WHAT THE EXERCISE ASKS:
Transcribe the listing exactly, skipping every picture.

DATA EXTRACT Start Marker

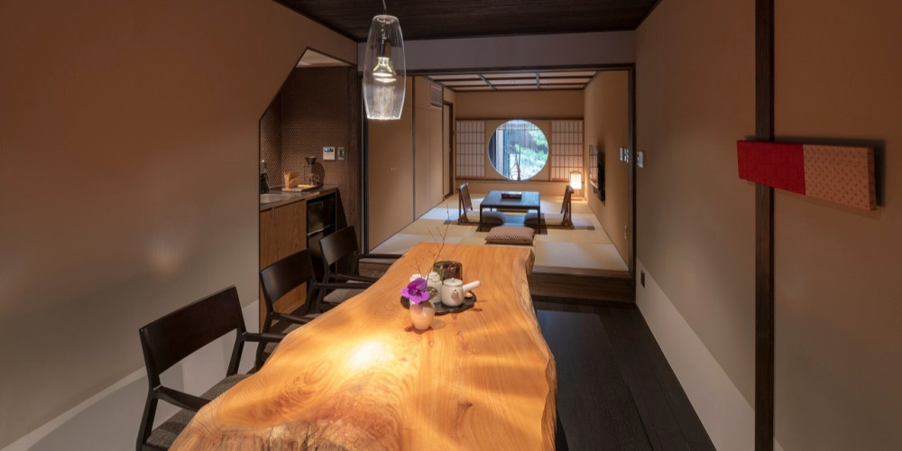 一枚板のテーブルを囲んで団欒したり、琉球畳の上で足を伸ばしてお寛ぎいただけます。
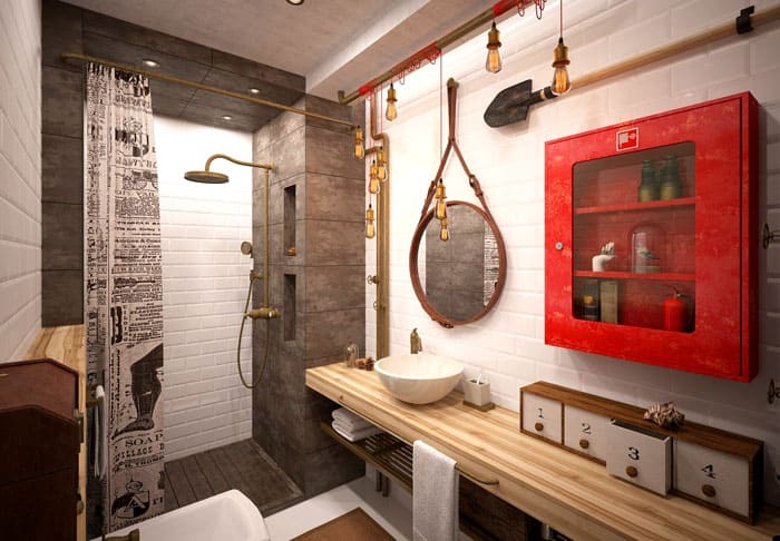 החלפה יצירתית של ארונית בנאלית עם פריט המסוגנן כארון קיר כבאי. תאורה משמשת לא רק כמקור אור, אלא גם כתפאורה
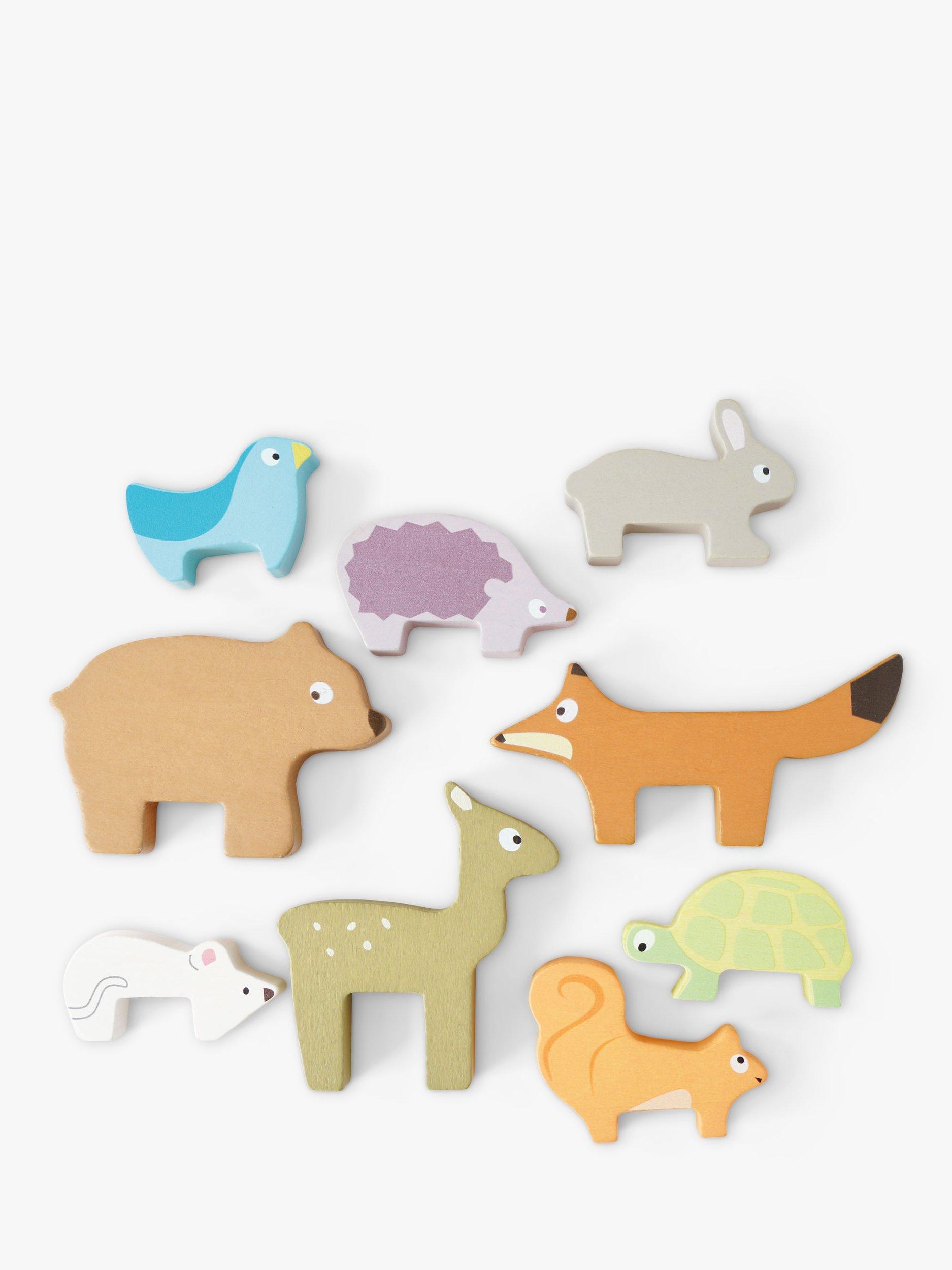 Painted in colourful hues using non-toxic paints, this cute set comprises nine wooden chunky animal-shaped blocks, perfectly sized for small hands to grasp and includes a fox, rabbit, hedgehog, bear, mouse, tortoise, squirrel, deer and bird.

DATA EXTRACT End Marker

ANSWER SECTION:
 一枚板のテーブルを囲んで団欒したり、琉球畳の上で足を伸ばしてお寛ぎいただけます。
 החלפה יצירתית של ארונית בנאלית עם פריט המסוגנן כארון קיר כבאי. תאורה משמשת לא רק כמקור אור, אלא גם כתפאורה
 Painted in colourful hues using non-toxic paints, this cute set comprises nine wooden chunky animal-shaped blocks, perfectly sized for small hands to grasp and includes a fox, rabbit, hedgehog, bear, mouse, tortoise, squirrel, deer and bird.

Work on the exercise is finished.